Salepage : Richard E.Neapolitan – Probabilistic Methods for Financial & Marketing Informatics
About Author
Richard E. Neapolitan
Richard E. Neapolitan is a mathematician and computer scientist. When he received his Ph.D. in mathematics from the Illinois Institute of Technology in the 1970s, there was a recession in the United States and a glut of mathematicians. So, he worked as a male model and in various computer related positions. The latter experience enabled him to obtain a computer science faculty position at Northeastern Illinois University in 1980, at which time he embarked on his career as a computer science professor and researcher.
Dr. Neapolitan is most well-known for his role in establishing the field of Bayesian networks. In the 1980s, researchers met at the newly formed Workshop on Uncertainty in Artificial Intelligence (now a conference) to discuss how to best perform uncertain inference in artificial intelligence. Dr. Neapolitan’s seminal text Probabilistic Reasoning in Expert Systems integrated many of the results of these discussions into the field we now call Bayesian networks. Bayesian networks have arguably become the standard for handling uncertain inference in AI, and many AI applications have been developed using them.
Since 1990, Richard has conducted further theoretical research in philosophy of science, probability and statistics, decision analysis, and cognitive science; and he has applied probabilistic modeling to fields such as medicine, biology, psychology, and finance. Dr. Neapolitan has earned an international reputation both as a theoretician and a practitioner.

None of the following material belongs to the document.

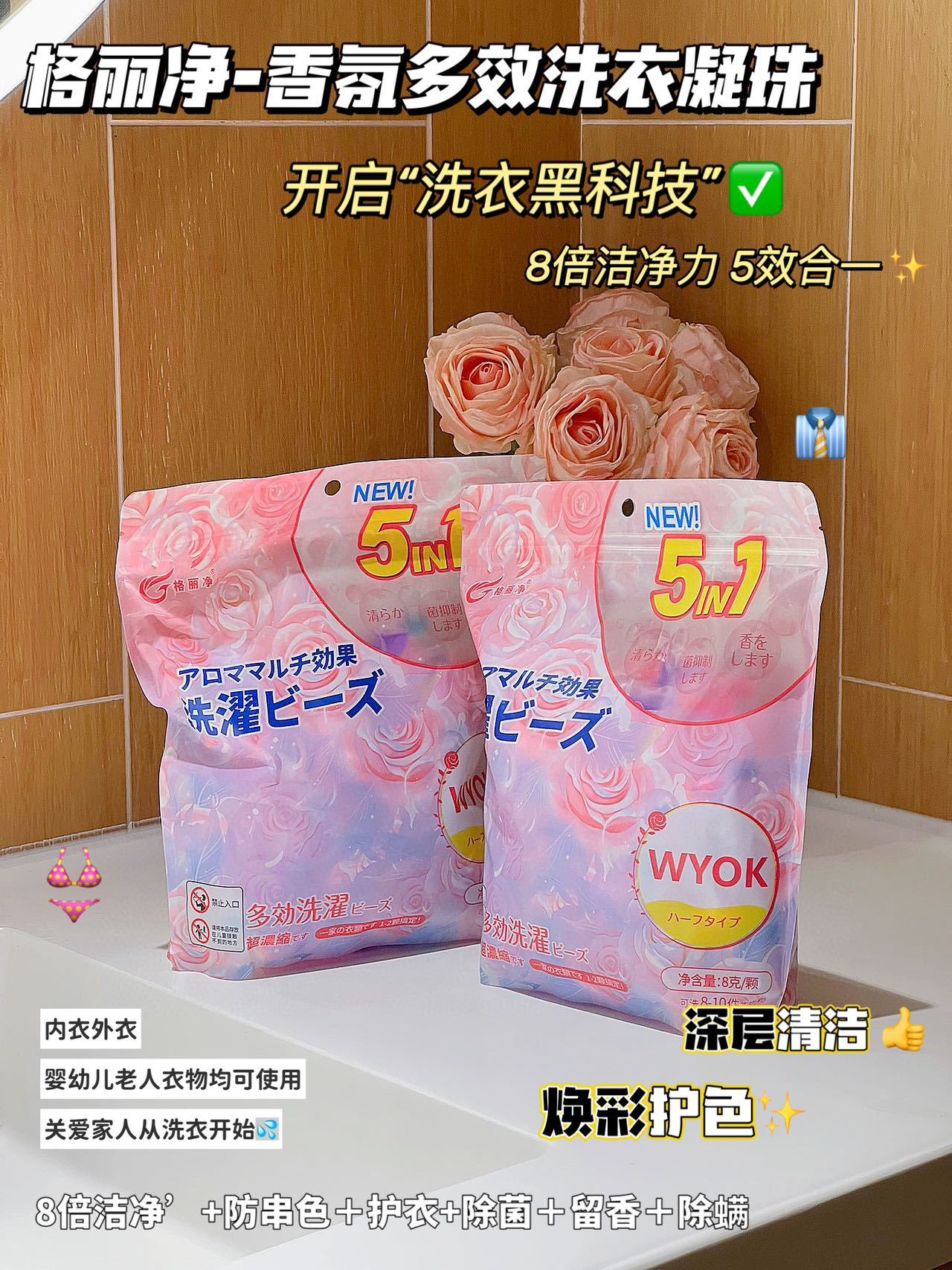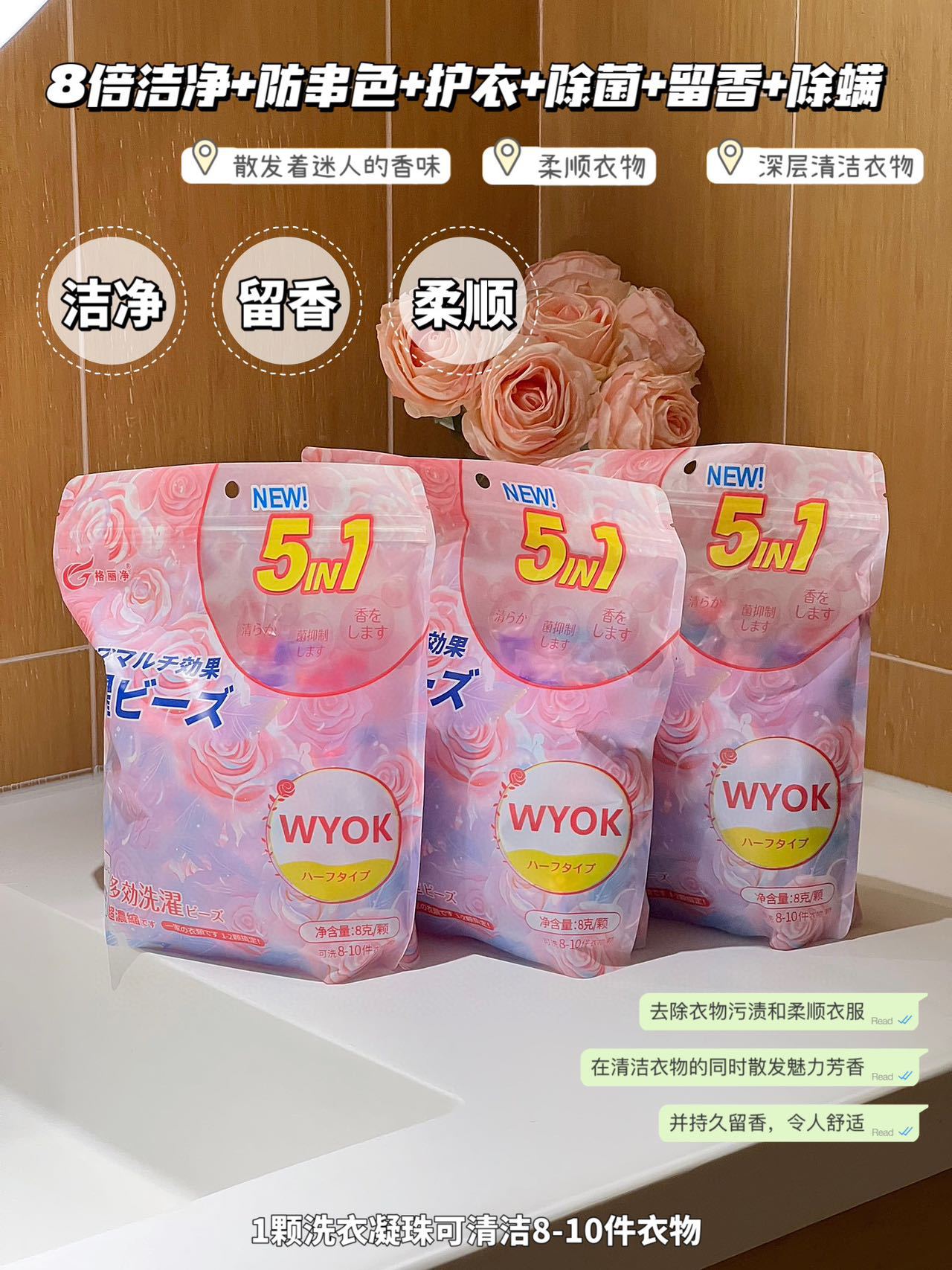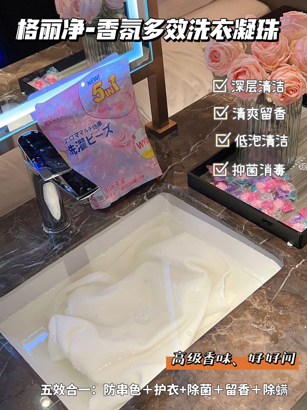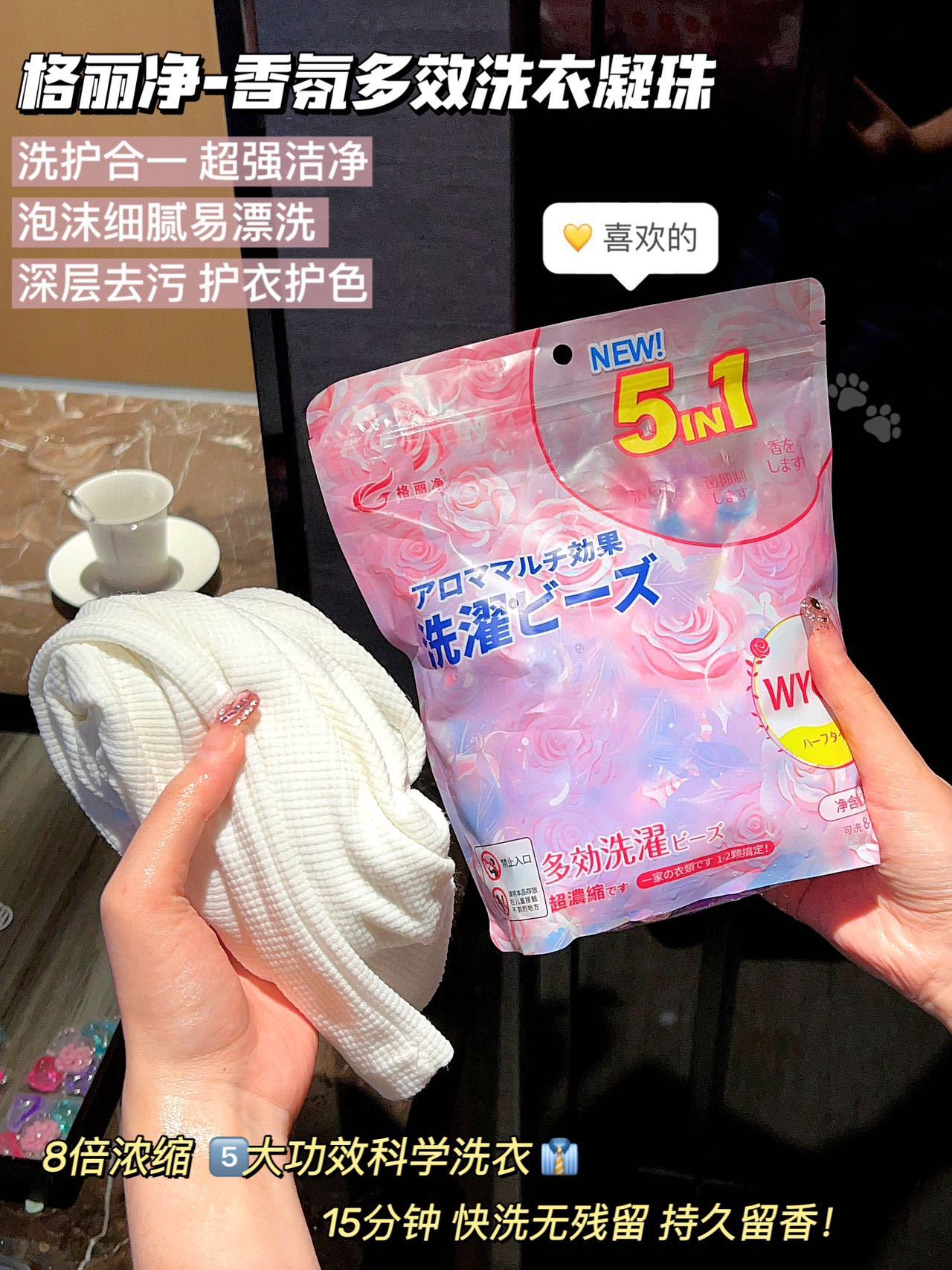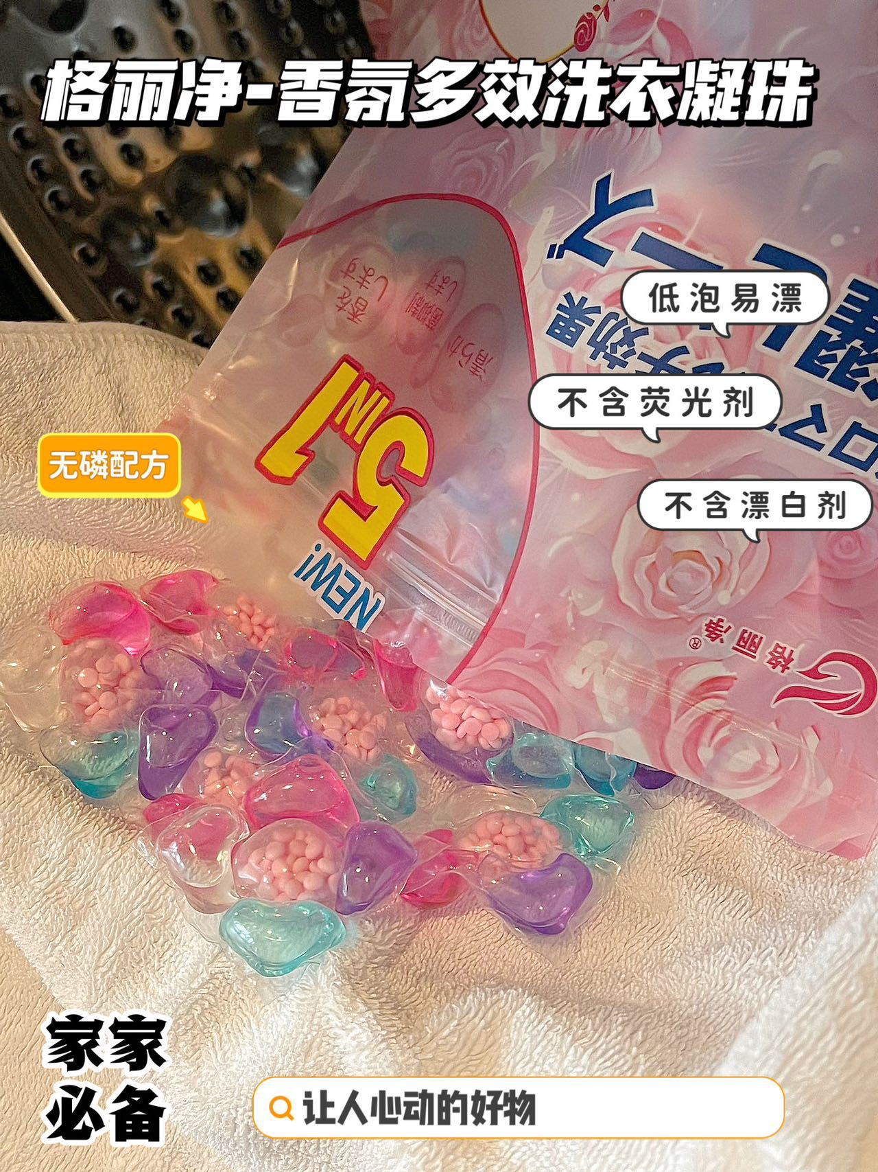 「限时送40颗1袋!五合一凝珠」格丽净香氛洗衣凝珠 留香珠五合一浓缩型洗衣液居家日用清洁工具
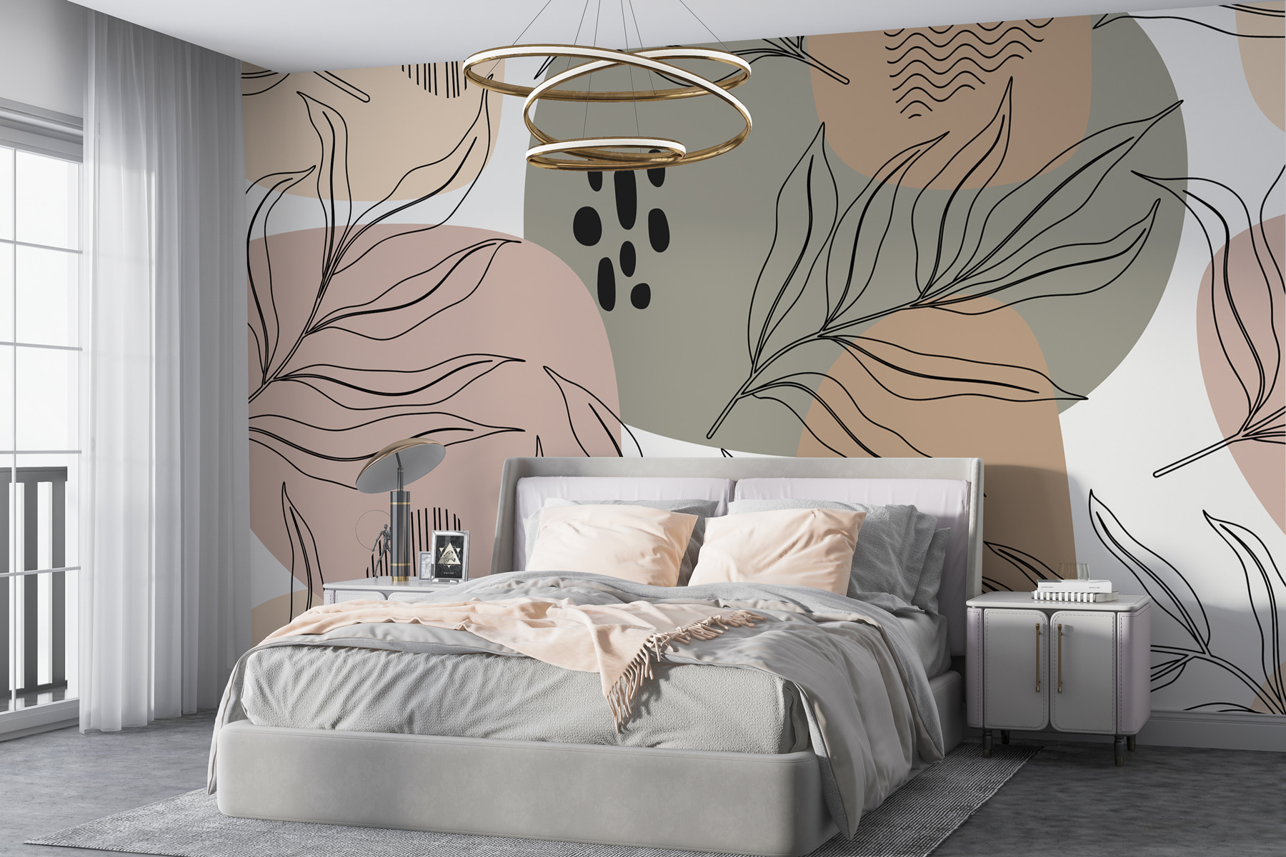 Immaginate di rilassarvi con una tazza di tè, immersi nell’atmosfera serena di questo murale. Quelle linee delicate e ondulate sembrano quasi meditative, non è vero? E il motivo ispirato alla natura dà un sottile cenno ai grandi spazi aperti, pur rimanendo super chic. È un elemento di conversazione e, in qualche modo, ancora rilassante. Potreste ritrovarvi a sognare ad occhi aperti di fluttuare tra le nuvole o a fare scarabocchi in un pomeriggio di sole.

Other books he has written include Learning Bayesian Networks (2004); Foundations of Algorithms (1996, 1998, 2003, 2010, 2014), which has been translated into three languages; Probabilistic Methods for Financial and Marketing Informatics (2007); Probabilistic Methods for Bioinformatics (2009); and Artificial Intelligence: With an Introduction to Machine Learning (2018). His approach to textbook writing is distinct in that he introduces a concept or methodology with simple examples, and then provides the theoretical underpinning. As a result, his books have the reputation for making difficult material easy to understand without sacrificing scientific rigor.